Today is the anniversary of my Gran’s birthday.  We were very close.  There really isn’t a day that goes by when I don’t think about her.  When she was alive we spoke nearly all the time, sometimes several times a day.  We talked about everything; the birds she had seen in her garden, the people who had come to visit, my latest romantic panic, but mainly we talked a lot about food, what she had baked that day, what we had eaten, what we were going to eat, who was coming for dinner and where we would seat them at the table.  On Christmas Day we often had 30 people for lunch. There was a lot of preparation to do the day before.

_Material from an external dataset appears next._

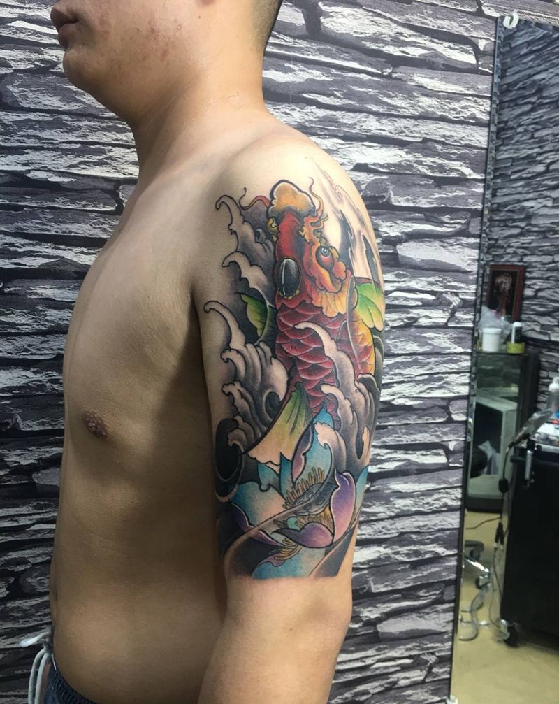 当前位置: 首页 >广东省中山市纹身店-吉刺青纹身图案>大臂彩色鲤鱼莲花纹身图片

Nicky and her Gran one Christmas

Nicky and her Gran one Christmas

On Christmas Eve, for as long as I can remember Gran and I hung out together in the kitchen – cooking and listening to ‘Carols from Kings’.  She taught me how to make stuffing, and prepare the turkey, how to cross sprouts, and peel vegetables – leaving them in bowls of cold water with wedges of lemon so they didn’t go brown – how to boil and roast the ham, with a special clove, honey, cider mixture, and how to make trifle, and fruit puddings.  As we followed ancient handwritten recipes in our family cook books Gran shared stories with me from when she was a little girl.  Stories that have become a part of my history – like when her sister, my great aunt decided to make a Christmas cake under the dining room table complete with butter, fruit, flour and no bowl – you can imagine the mess – this story has entertained people for generations.  Today as I prepare the traditional Christmas dinner for my family, I remember these stories, all her little kitchen tricks, the carols we sang and the laughter we shared and the importance of a well-set table and a good placement.  My mind is full of marvellous memories.

This winter as you prepare for Christmas enjoy listening to the stories of the older generation; they have great tales to tell and when they pass their stories pass too.  Take time to listen, to make a memory, you won’t regret it.